■ **Your objective**
Tally every line of the records below that includes "will", and reply with the total alone.
==== Supplied records ====
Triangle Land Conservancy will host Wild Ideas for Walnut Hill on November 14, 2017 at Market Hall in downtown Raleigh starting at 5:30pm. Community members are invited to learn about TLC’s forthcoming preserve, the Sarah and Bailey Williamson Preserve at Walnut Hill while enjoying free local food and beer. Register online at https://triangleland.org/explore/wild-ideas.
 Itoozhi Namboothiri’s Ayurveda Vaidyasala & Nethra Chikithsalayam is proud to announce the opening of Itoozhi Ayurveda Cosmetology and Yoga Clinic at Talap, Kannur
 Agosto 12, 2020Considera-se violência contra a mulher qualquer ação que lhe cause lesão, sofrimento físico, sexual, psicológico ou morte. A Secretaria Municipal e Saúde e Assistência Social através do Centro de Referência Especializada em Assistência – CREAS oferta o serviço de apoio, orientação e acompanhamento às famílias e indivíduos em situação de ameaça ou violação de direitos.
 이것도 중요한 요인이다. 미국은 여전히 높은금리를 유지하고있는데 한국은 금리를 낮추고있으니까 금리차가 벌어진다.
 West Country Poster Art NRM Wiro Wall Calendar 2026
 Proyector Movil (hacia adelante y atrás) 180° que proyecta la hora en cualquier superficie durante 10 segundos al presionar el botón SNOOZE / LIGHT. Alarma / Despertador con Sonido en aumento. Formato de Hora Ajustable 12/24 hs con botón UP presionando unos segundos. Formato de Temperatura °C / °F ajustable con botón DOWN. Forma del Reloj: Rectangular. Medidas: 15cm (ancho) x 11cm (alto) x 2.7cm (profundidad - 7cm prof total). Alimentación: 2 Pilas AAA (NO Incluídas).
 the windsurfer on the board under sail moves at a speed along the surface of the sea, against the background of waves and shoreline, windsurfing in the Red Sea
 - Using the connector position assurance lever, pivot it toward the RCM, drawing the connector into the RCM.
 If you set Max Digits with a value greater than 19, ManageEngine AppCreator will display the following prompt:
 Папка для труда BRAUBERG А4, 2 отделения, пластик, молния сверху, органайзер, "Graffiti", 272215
====
==== Supplied records ====
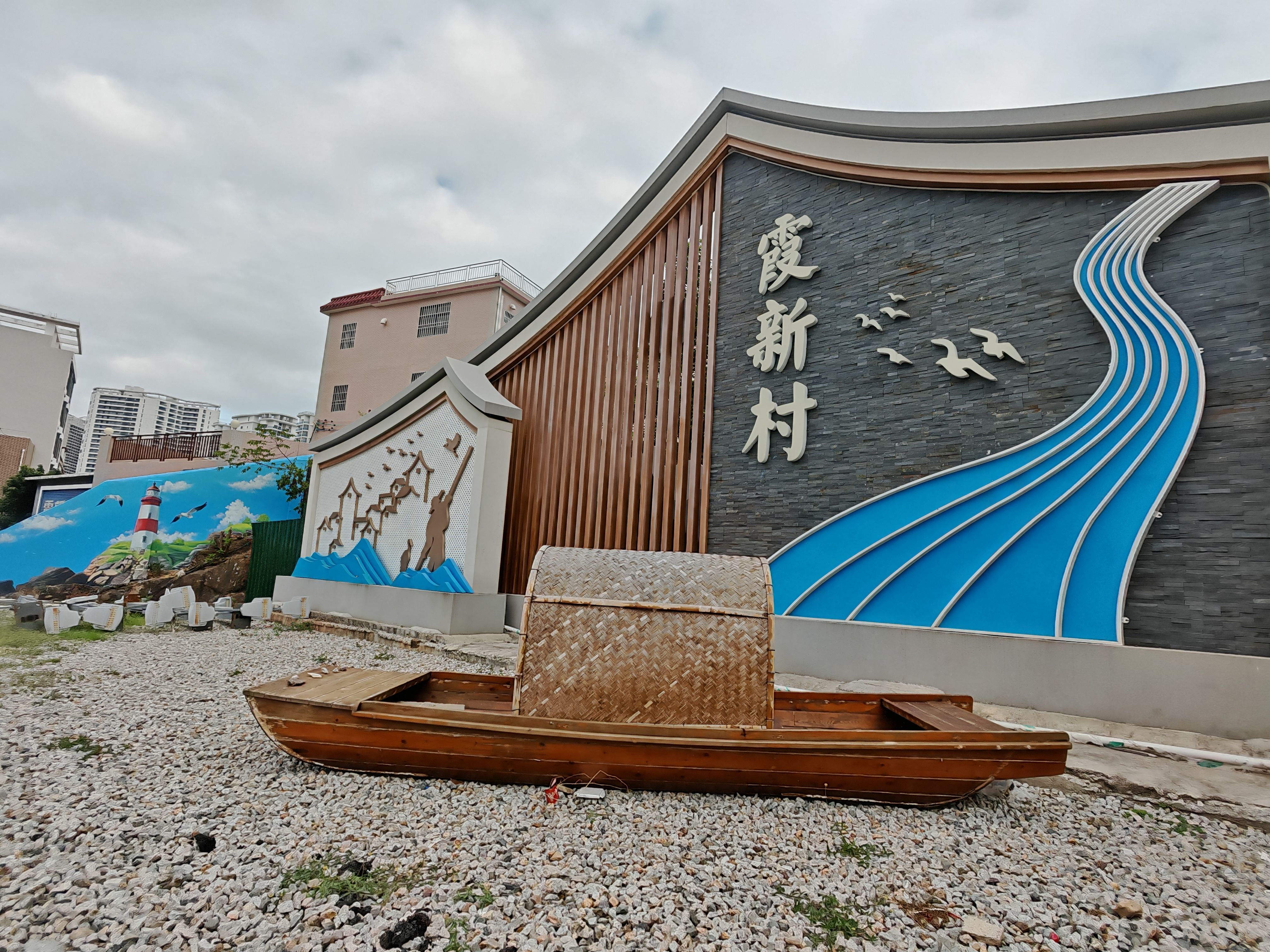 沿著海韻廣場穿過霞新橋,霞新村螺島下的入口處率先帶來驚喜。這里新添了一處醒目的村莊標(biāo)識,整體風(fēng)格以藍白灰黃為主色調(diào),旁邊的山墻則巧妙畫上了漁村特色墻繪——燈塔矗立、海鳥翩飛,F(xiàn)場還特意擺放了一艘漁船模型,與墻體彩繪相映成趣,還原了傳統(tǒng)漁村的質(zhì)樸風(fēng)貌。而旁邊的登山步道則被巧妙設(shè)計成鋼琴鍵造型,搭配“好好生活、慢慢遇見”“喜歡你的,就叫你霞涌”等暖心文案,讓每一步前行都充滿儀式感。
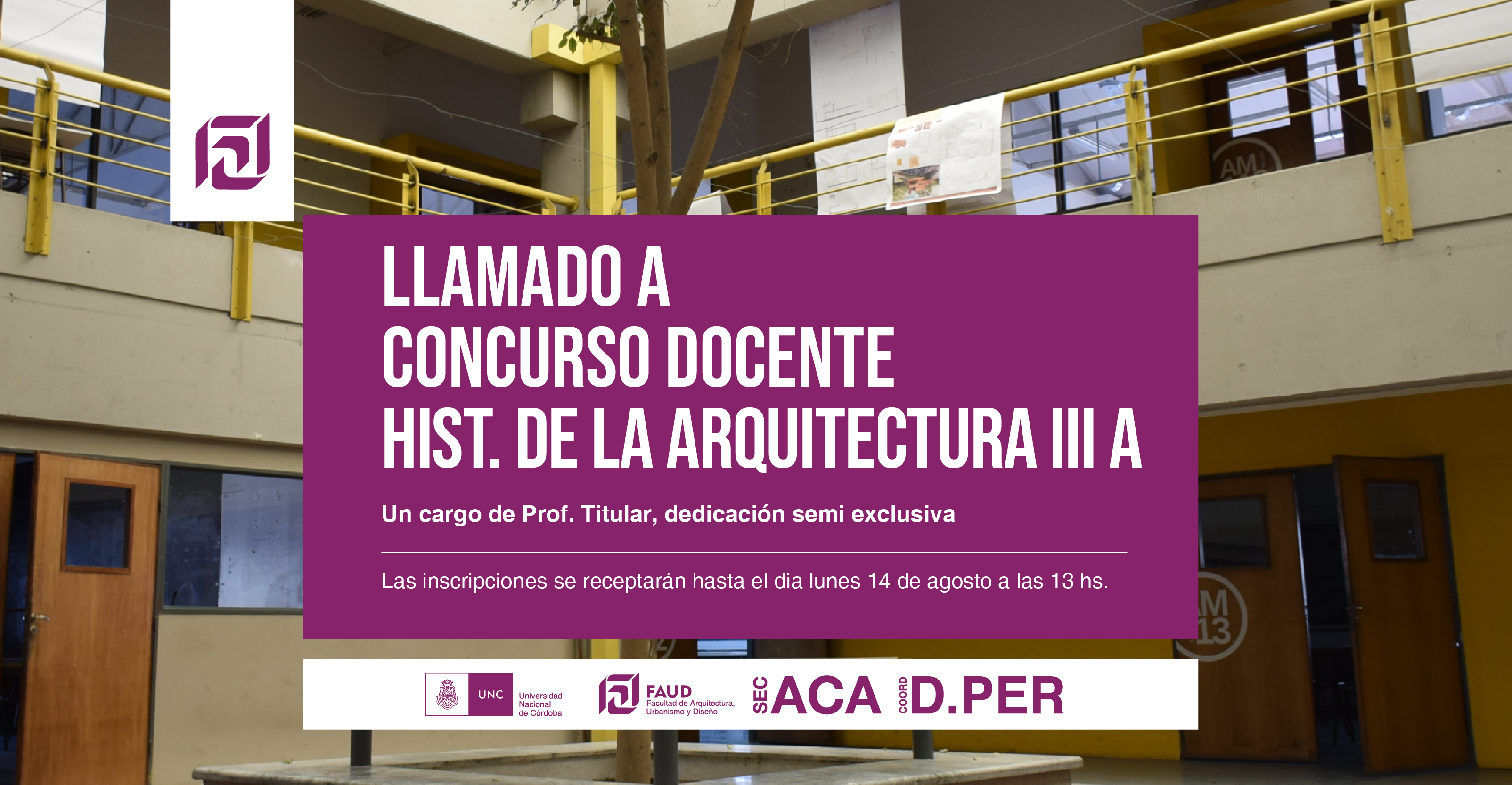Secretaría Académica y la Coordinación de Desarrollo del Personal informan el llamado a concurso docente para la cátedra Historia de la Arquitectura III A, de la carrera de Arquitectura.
====
==== Supplied records ====
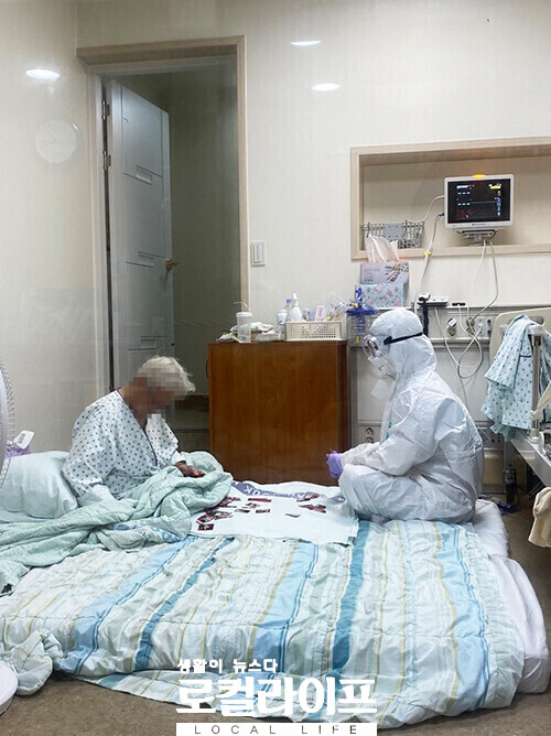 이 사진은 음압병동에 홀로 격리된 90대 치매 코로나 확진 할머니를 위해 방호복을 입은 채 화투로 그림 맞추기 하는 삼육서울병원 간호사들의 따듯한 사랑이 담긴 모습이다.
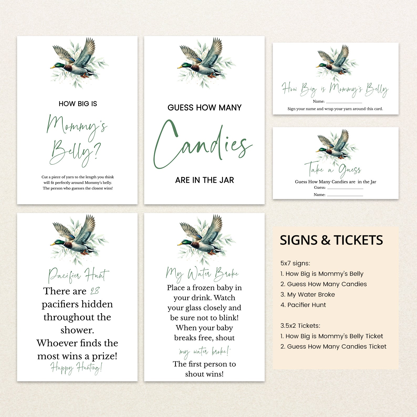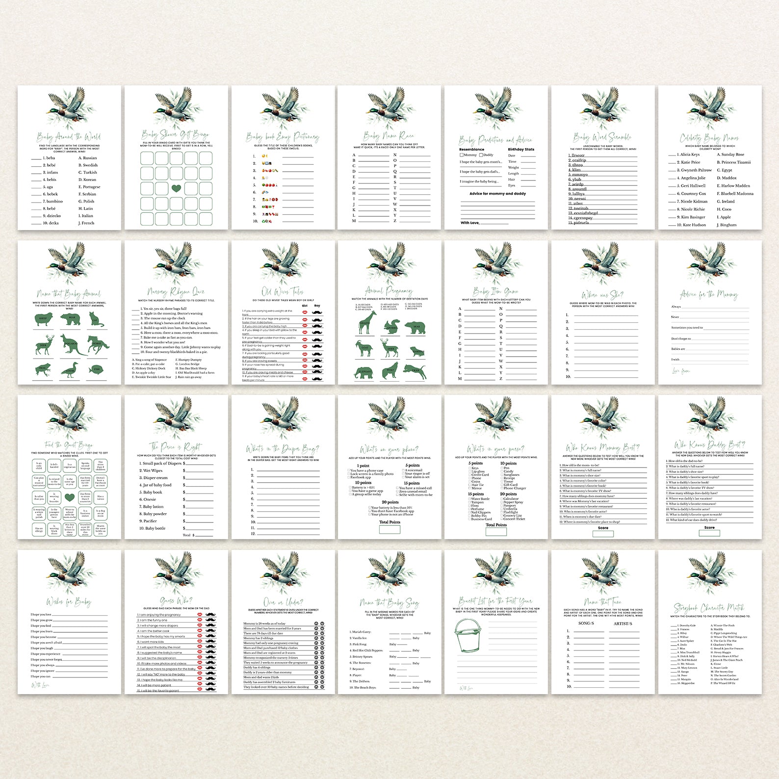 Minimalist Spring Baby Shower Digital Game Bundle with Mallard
====
■ **Completed task**
2